Stored data -
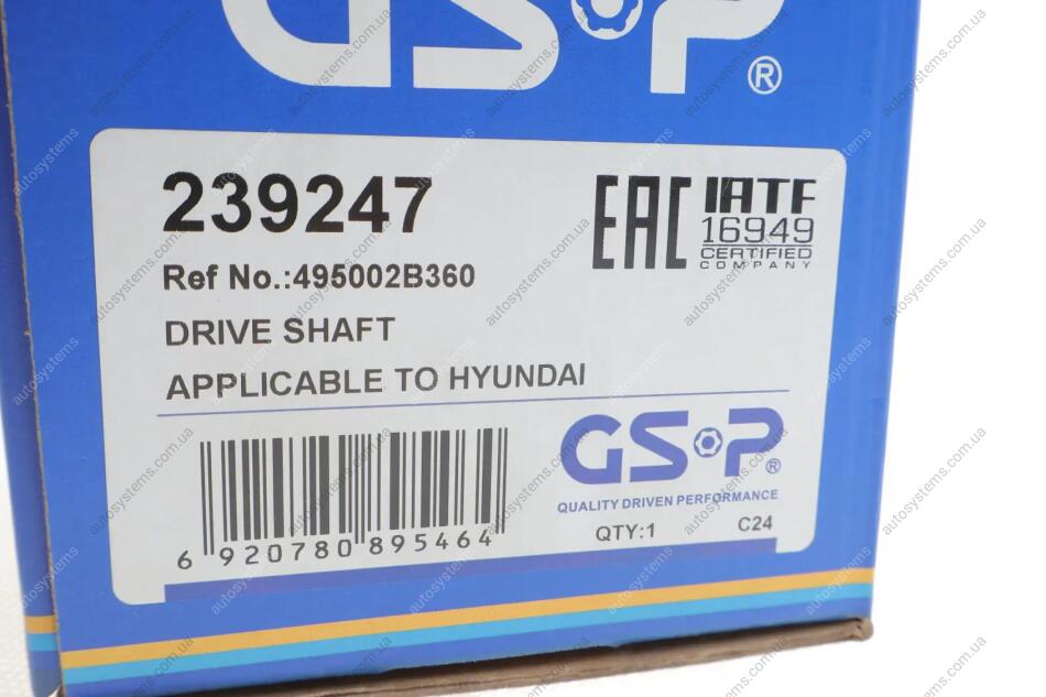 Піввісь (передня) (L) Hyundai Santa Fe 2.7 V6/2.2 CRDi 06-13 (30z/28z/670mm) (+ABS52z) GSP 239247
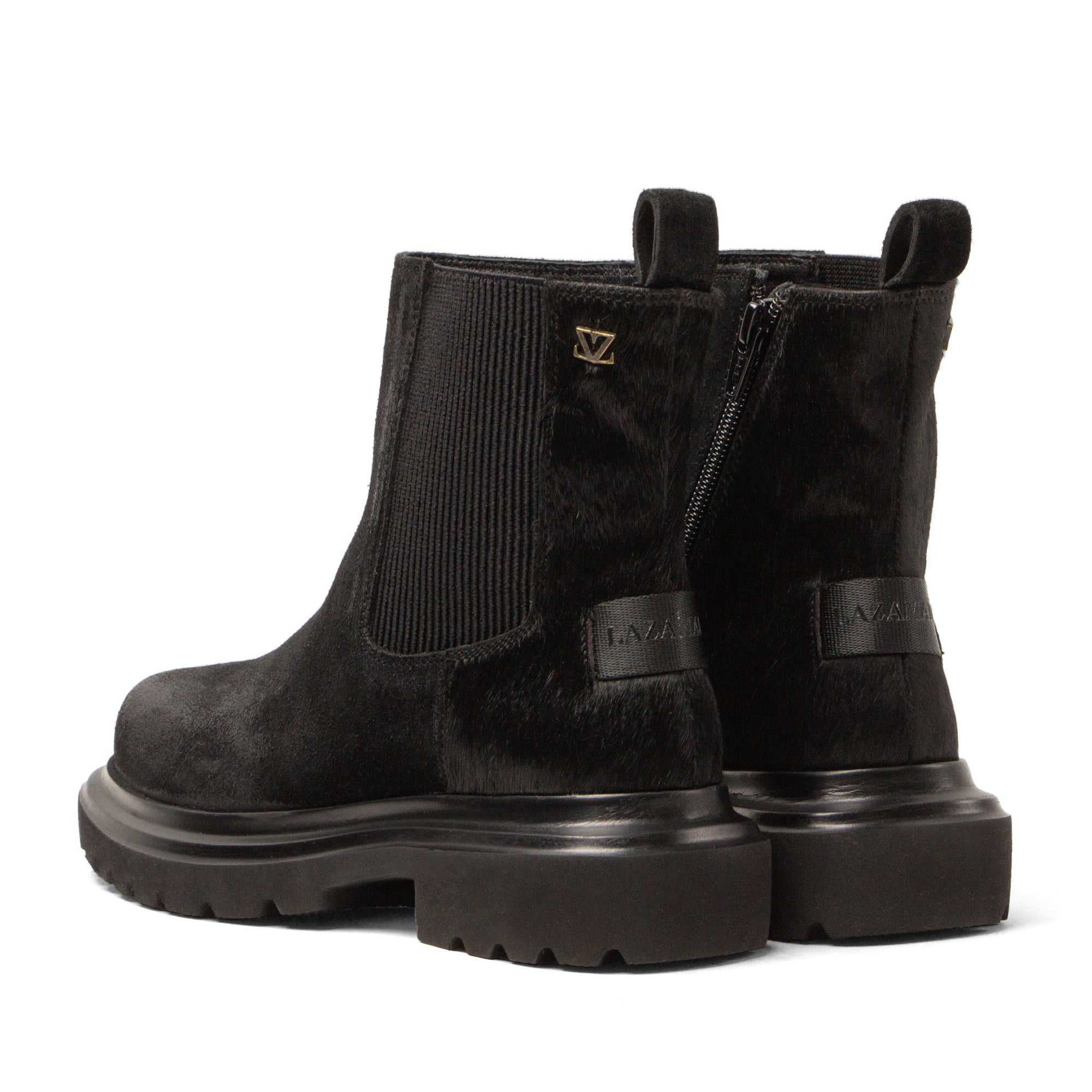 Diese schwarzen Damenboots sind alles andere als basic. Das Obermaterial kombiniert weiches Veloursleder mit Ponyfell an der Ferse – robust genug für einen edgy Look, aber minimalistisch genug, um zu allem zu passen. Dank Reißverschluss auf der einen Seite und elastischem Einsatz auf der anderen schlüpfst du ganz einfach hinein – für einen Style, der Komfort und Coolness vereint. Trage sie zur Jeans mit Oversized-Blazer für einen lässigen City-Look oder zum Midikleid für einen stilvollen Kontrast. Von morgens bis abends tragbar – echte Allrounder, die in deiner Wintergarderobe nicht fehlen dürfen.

...

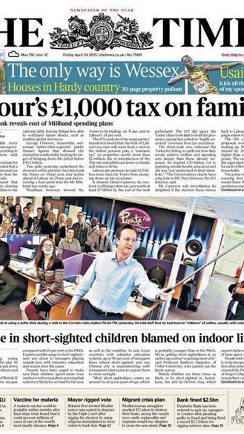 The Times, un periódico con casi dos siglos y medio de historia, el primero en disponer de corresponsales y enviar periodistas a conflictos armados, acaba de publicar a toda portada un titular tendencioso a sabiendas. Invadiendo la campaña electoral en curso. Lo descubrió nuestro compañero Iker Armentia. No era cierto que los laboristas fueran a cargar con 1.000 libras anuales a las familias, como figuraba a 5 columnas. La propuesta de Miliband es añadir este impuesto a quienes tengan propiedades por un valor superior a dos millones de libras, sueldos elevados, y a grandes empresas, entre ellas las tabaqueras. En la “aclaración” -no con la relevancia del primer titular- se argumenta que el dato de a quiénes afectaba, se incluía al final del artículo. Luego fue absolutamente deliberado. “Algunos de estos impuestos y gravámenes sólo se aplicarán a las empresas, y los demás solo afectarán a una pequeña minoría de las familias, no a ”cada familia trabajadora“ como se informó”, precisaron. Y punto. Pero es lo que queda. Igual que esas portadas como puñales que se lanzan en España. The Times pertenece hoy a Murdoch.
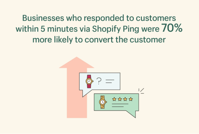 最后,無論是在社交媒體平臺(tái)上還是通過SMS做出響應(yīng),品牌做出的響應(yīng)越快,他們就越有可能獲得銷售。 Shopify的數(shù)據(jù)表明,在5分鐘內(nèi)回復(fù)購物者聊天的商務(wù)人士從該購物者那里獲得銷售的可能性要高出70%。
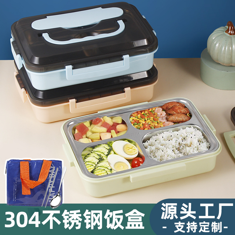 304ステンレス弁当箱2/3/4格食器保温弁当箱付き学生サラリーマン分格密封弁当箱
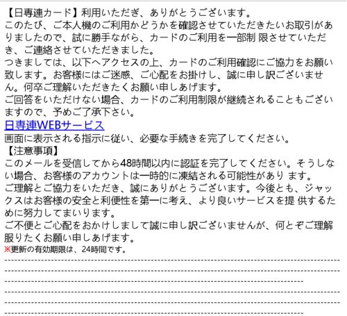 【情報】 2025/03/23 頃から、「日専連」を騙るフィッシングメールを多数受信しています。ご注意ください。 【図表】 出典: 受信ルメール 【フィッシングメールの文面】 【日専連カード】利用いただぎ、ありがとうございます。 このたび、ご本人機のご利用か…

Exercise description -
Above are some records. Output exactly the lines from the one that contains "304ステンレス弁当箱2/3" to the one that contains "受信ルメール 【フィッシングメールの文面】 【日専連カード】利用いただぎ、ありがとうございます。 このたび、ご本人機のご利用か…", keeping both, and omit the pictures.

Result -
 304ステンレス弁当箱2/3/4格食器保温弁当箱付き学生サラリーマン分格密封弁当箱
 【情報】 2025/03/23 頃から、「日専連」を騙るフィッシングメールを多数受信しています。ご注意ください。 【図表】 出典: 受信ルメール 【フィッシングメールの文面】 【日専連カード】利用いただぎ、ありがとうございます。 このたび、ご本人機のご利用か…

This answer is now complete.